Попробую сделать это по порядку. Однажды Слава позвонил нам и загадочно настойчиво пригласил встретиться с ним и Катей в кафе «Тнува» на бульваре Бен-Гурион. Помню, когда мы подходили к кафе, над Тель-Авивом висел тяжелый черный хамсин, – хотелось лечь, закрыть глаза и ни о чем не думать. Сквозь стеклянную витрину кафе мы увидели, что в кондиционированном аквариуме «Тнувы» за столиком Мальцевых сидит кто-то третий, незнакомый, с огромными синими глазами на бородатом лице Карла Маркса.
Катя встретила нас как родных, сияя всеми стеклянными осколками своего хрупкого тельца. «Угадайте, кто это!» – воскликнула она.
Не столько по ее шумному сиянию, сколько по Славиной непривычной тихости я догадалась:
«Это Женя Арье, правда?»
«Он прилетел сегодня!» – взликовала Катя, и мы принялись разглядывать давно обещанного гостя, не забыв при этом заглянуть в меню. Помню, что каждый из нас заказал по чашке кофе с пирожным, а толстяк Слава потребовал себе не одно пирожное, а два – «по случаю праздника». Вечер и впрямь получился праздничный – Мальцевы и Арье наперебой расхваливали друг друга в самых экзальтированных тонах, объясняя нам, что друг без друга они и дня прожить не могут…
И только Саша ни с того ни с сего завершил этот праздник мрачным предсказанием в хорошо разработанном им к тому времени стиле Кассандры – к сожалению, высказываясь в стиле Кассандры, он оказывался прав чаще, чем мне бы хотелось.
«Вы хвалите друг друга так искренне, так горячо, а года через три один из вас выгонит другого, только я не знаю, кто кого», – со странной уверенностью заявил он, словно смотрел в хрустальный шар, показывающий будущее.
Я испуганно зашикала на него, а трое наших гостей дружно закричали, что это просто дурацкая шутка и ничего подобного не может у них случиться, ведь они полны взаимной любви, и опять повторили, как заклятие, что друг без друга и дня прожить не могут.
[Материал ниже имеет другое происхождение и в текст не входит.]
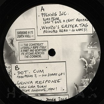 12"— out of stockNonplace 006Label CatalogBeige: Non-ProfitCut-up house & laptop funk w/ cartoon score sfx A1 Pfennig Inc. (Euro Fear - Don’t Give A Cent Bastard!) A2 Wonzo’s Erster Tag (Recouped Zero - So What?!) B1 Dot.Cum (1000 Pesos? - No Start Up!) B2 Genua Response (Burn Lira Burn - Boycott Sunshine, Now!)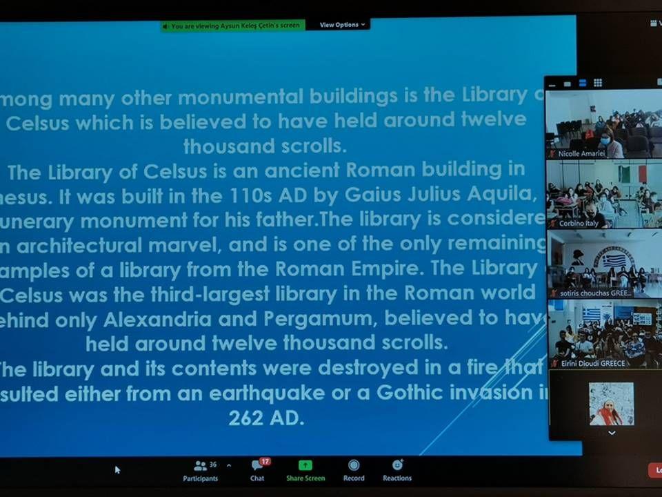 Școala gazdă a favorizat cunoașterea patrimoniului cultural turc, obiectivul principal al proiectului, prin vizite virtuale în locuri precum Kusadasi, Pamukale, Ephesus, Virgin Mary, The 7 sleepers, Didyma.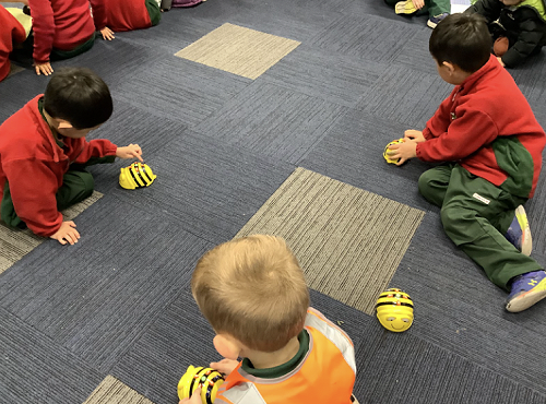 This tells the BeeBot what we want it to do. To do this we draw arrows on whiteboards and we follow the instructions. We can make the Beebot go across to the other side of the room, turn itself around and then come back to us! Our next task is to create obstacles for them to go around.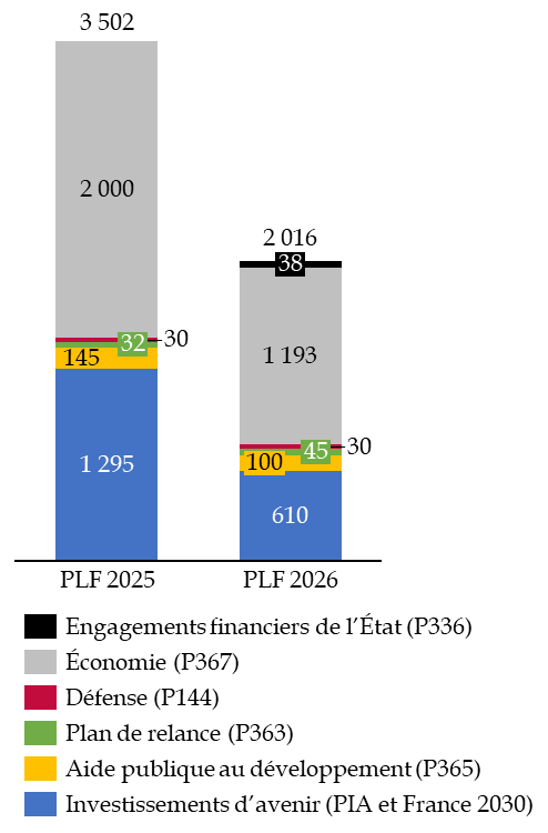 Pour l'exercice 2026, les recettes budgétaires ont par conséquent uniquement pour objet de financer des interventions en fonds propres de l'État. Dans le cadre de ces interventions, la réduction des crédits du compte spécial résulte également du ralentissement des versements au profit du compte spécial en provenance de la mission « Investir pour la France de 2030 », ces versements étant réduits de 53 % entre les exercices 2025 et 2026.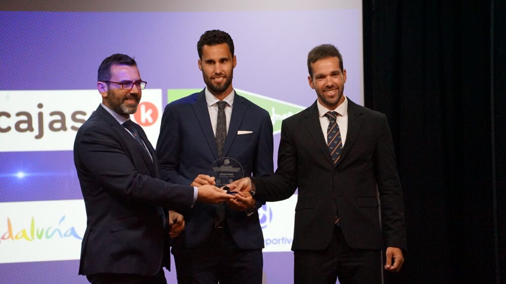 Los doble diploma olímpico del Club Náutico Sevilla Jaime Canalejo (Sevilla FC) y Javier García (Real Betis) reciben el Premio Cajasur en la I Gala de la APDS celebrada en Espartinas. LEER NOTICIA COMPLETA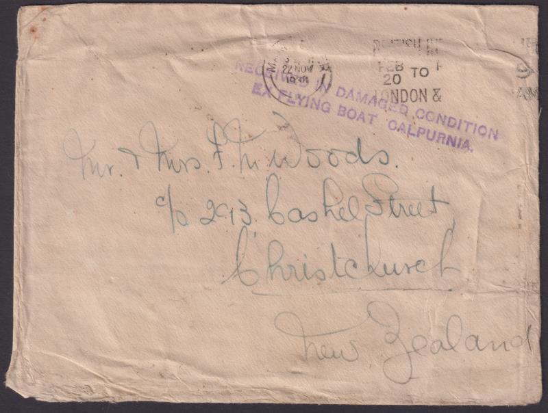1927 C imageGB-NZ 1938 distressed (clear signs of water damage, but largely intact) cover posted Manchester, GB 22 Nov stamp floated off, with fine strike of rubber cachet (violet) "Received in damaged condition-ex flying boat Calpurnia" (all in capitals). The plane (Image)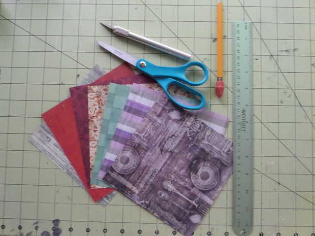 1) una pieza de 12 x 12, peso mediano, papel decorativo doble cara. El peso es importante. Si lo desea, pero este cuadro requiere que sea un poco más robusto, puede utilizar papel de computadora regular. Si utilizas papel pesado, va ser difícil doblar en este tamaño, no sólo podría quebrarse en los pliegues. Puede experimentar con el papel de lo que te gusta y si funciona sin agrietarse la imagen, luego ir a por ello. No sé mucho sobre el papel de scrapbooking, pero puedo decirte que la marca gráfica 45 se agrietará en los pliegues y tiene líneas blancas feas donde los pliegues son.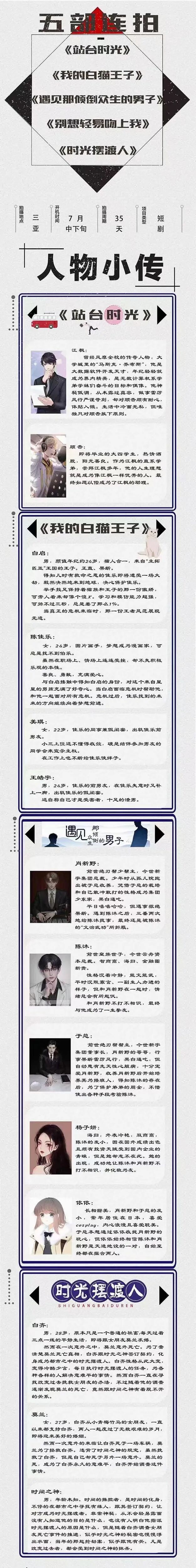 《站台时光》、《我的白猫王子》、《遇见那倾倒众生的男子》、《别想轻易吻上我》、《时光摆渡人》五部连拍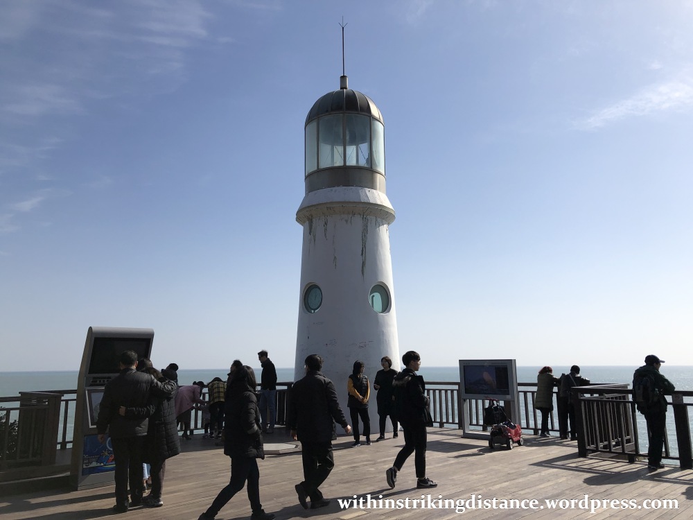 Now you might have observed a small white lighthouse in one of the photographs above. After going back up to the top floor and leaving the building by way of its main entrance, I walked a short distance east and arrived at a wooden platform adjoining the lighthouse.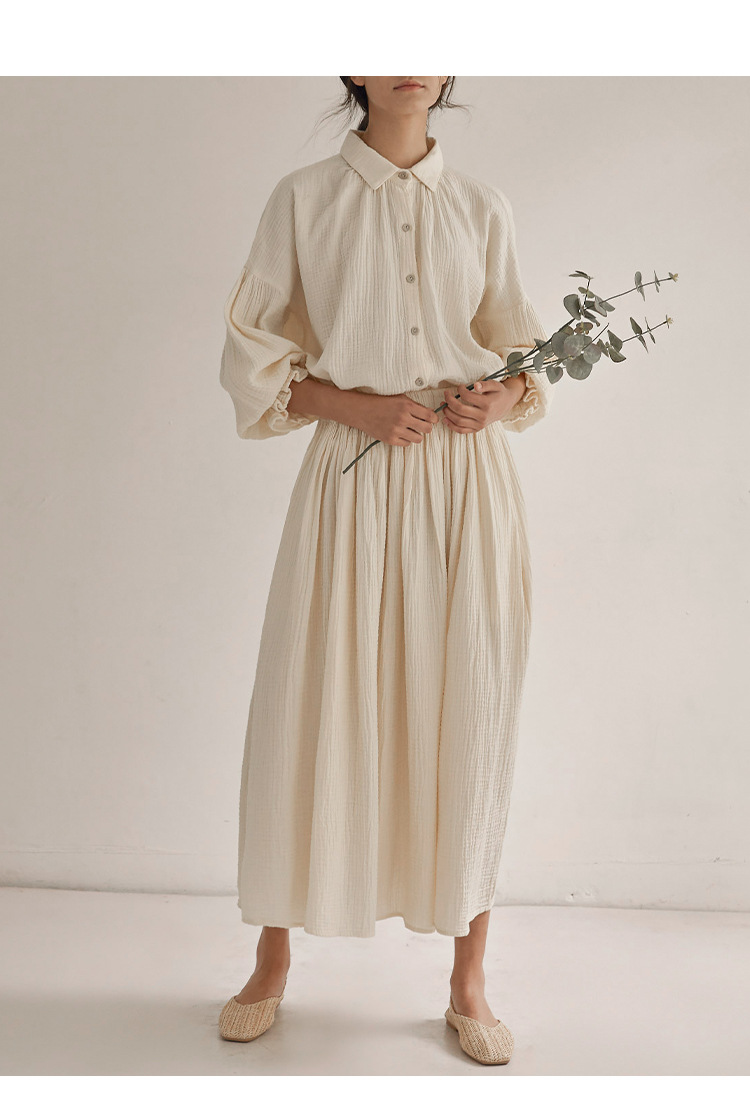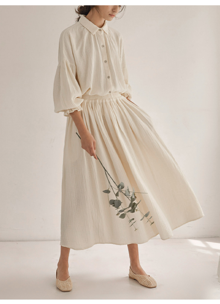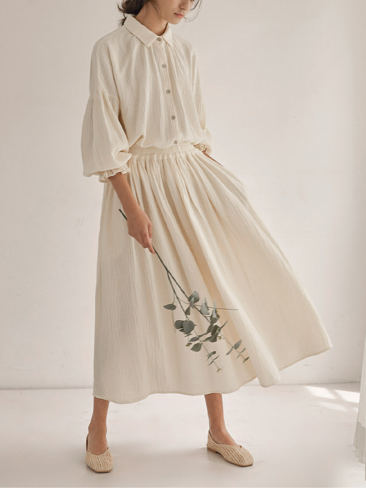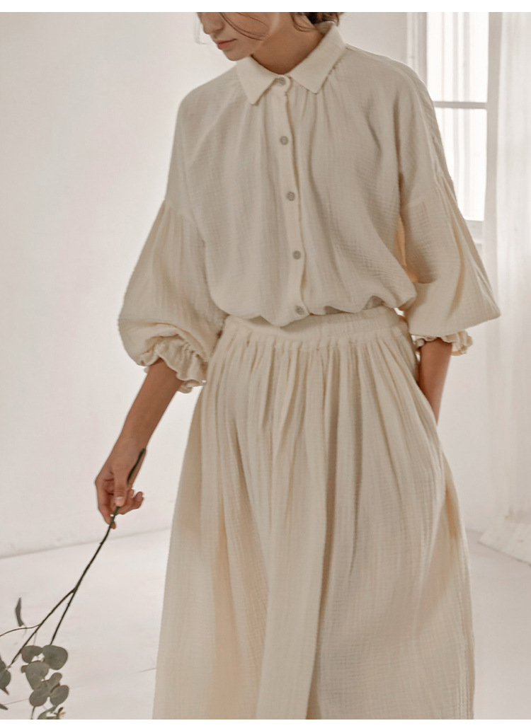 【재고정리】 홈웨어 세트, 랜턴 슬리브, 독특한 디자인, 순면 루즈핏 셔츠+스커트 여성복스토어 가기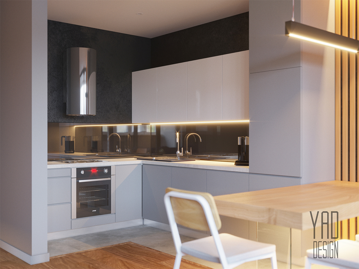 To make a stylish modern space for a small studio apartment. Large sofa and a non-standard solution for the dining area were principal for the customer.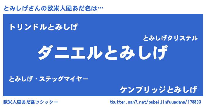 | 女子向けラノベタイトル風あだ名 | 『死神とみしげの再婚』『闇のとみしげ』 |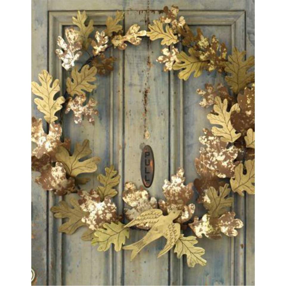 Couronne rustique en métal feuilles d'automne, faite à la main en fer, décoration murale pour l'extérieur, jardin, ferme, ornement artistique pour la maison

Теперь, когда все уже свершилось, и Женя Арье, выставив Славу Мальцева за дверь, прекрасно живет без него не один день, а Катя, покинув его, изгнанного, вышла замуж за другого, и тоже, похоже, благоденствует, я вспоминаю предсказание Саши с затаенной печалью. Как это понять – он предусмотрел события или сам их накликал?
Но все же я не допускаю окончательно, что Слава Мальцев был наказан предательством лучших своих друзей именно за то, что он предал меня, хотя такая циничная мыслишка, нет да нет, а шевелится у меня на грани между сознанием и подсознанием. Кто я, чтобы за меня кого-то наказывать? И все же…
А случилось все из-за того, что я предложила дирекции театрального фестиваля, избравшего своим почетным гостем мою пьесу «Майн либер кац», пригласить Женю Арье в качестве режиссера. Женю тогда почти никто еще в Израиле не знал, хотя он уже успел поставить в «Габима-мартеф» «Розенкранца и Гильдестерна» Тома Стоппарда – именно там можно было увидеть воочию воспетые Катей «гениальные проходы и мизансцены». Они происходили на узком помосте, почти жердочке, проложенном по диагонали через всю сцену. Это было остроумное сценографическое решение, но я бы восхищалась им гораздо больше, если бы десять лет назад уже не видела такую же жердочку в нью-йоркском спектакле Йонаса Зянкявичуса.
Но жердочка жердочкой, а местная пресса, так же, как и местная культурная элита, мало интересовалась достижениями этнографического меньшинства, лопочущего на незнакомом языке. Однако мое предложение заставило Гаспари, а с ним и некоторых других небожителей спуститься с израильского Олимпа в габимовский подвал. Они в достаточной мере впечатлились «гениальными проходами и мизансценами», тем более, что о спектакле Зянкявичуса они понятия не имели и решили и впрямь пригласить на собеседование незнакомого русского режиссера, не знающего ни слова на иврите.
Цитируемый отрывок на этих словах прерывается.